Parametric kinds of generalized Apostol-Bernoulli polynomials and their properties

TL;DR

This paper introduces new generalized Apostol-Bernoulli polynomials with cosine and sine parametric generating functions, exploring their properties, differential equations, and special cases, expanding the mathematical framework of these polynomials.

Contribution

It defines novel parametric Apostol-Bernoulli polynomials using trigonometric generating functions and investigates their properties and related polynomial families.

Findings

New cosine and sine parametric generating functions for Apostol-Bernoulli polynomials

Derivation of differential equations and summation formulas for these polynomials

Introduction of related polynomial families like Gould--Hopper and Hermite--Appell types

Abstract

The purpose of this paper is to define generalized Apostol--Bernoulli polynomials with including a new cosine and sine parametric type of generating function using the quasi-monomiality properties and trigonometric functions.
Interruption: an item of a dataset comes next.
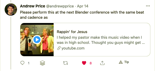 ...these lines got a chuckle out of Blender Guru, who weighed in with a musical recommendation
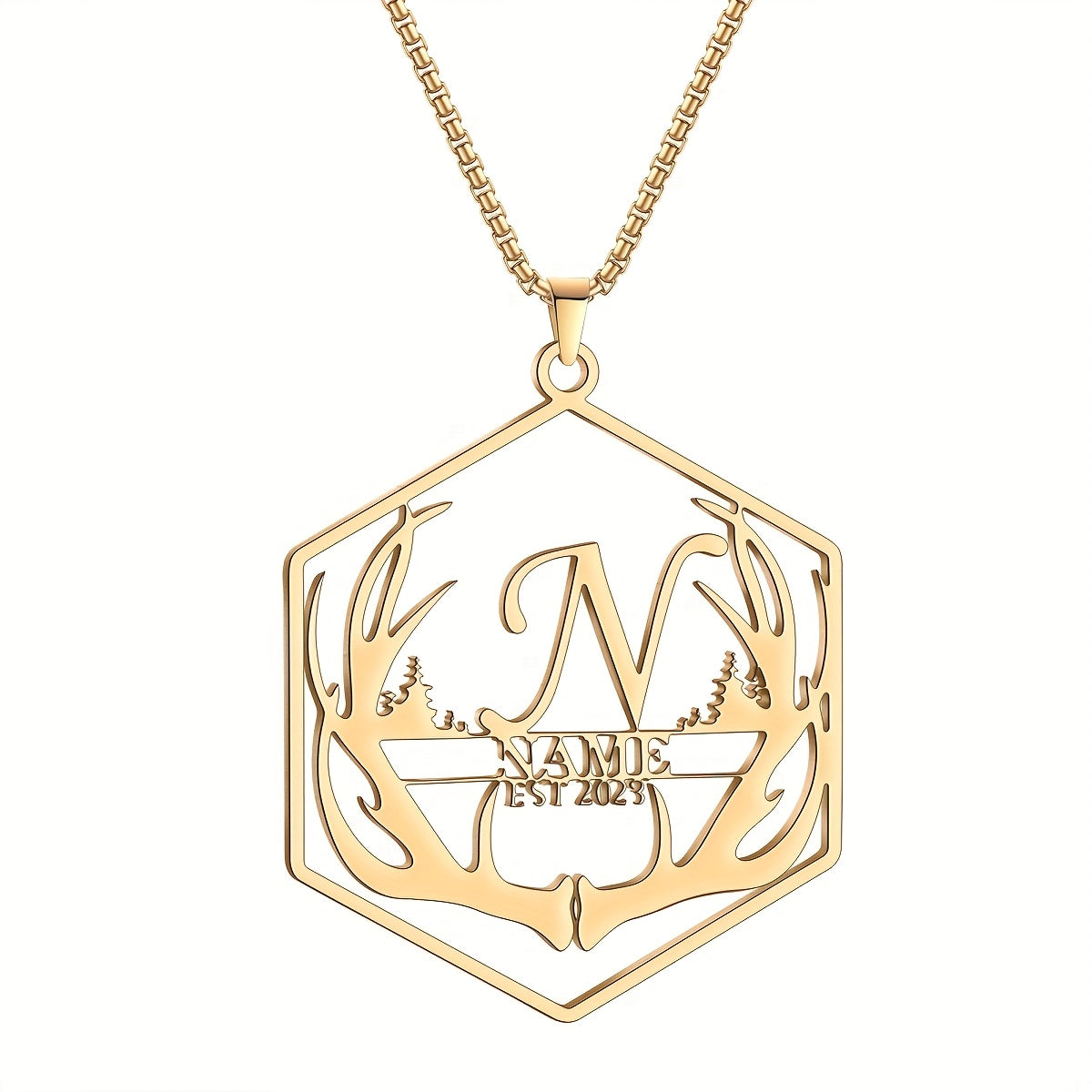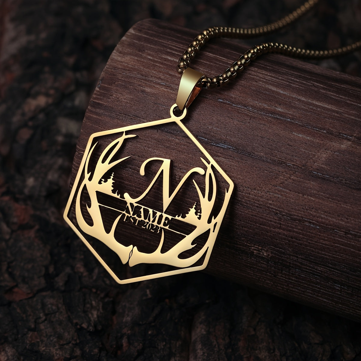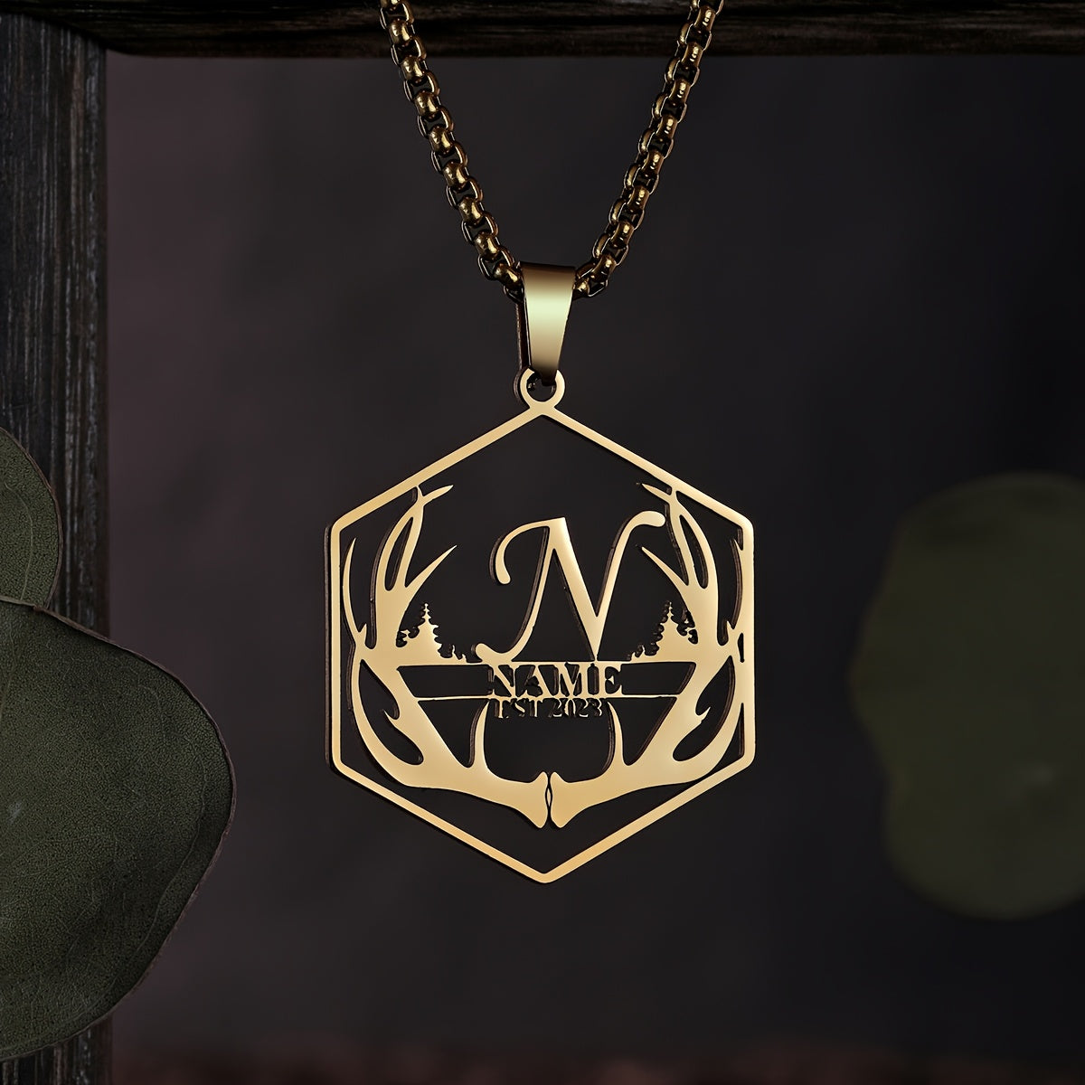 Bring a touch of nature-inspired style with this stainless steel pendant necklace featuring deer antlers in a unique hexagon design.

In this study, the Apostol-Bernoulli polynomials with three variable are defined with two new generating functions cosine and sine parameters. Then, we investigate multiplicative and derivative operators, diffrential equations, some summation formulas and partial differential equations for these polynomials. Moreover, we introduce Gould--Hopper--Apostol--Bernoulli type polynomials, Hermite--Appell--Apostol--Bernoulli type polynomials and truncated exponential Apostol--Bernoulli type polynomials. Finally, the special cases of these new polynomials are investigated, and the corresponding results are expressed.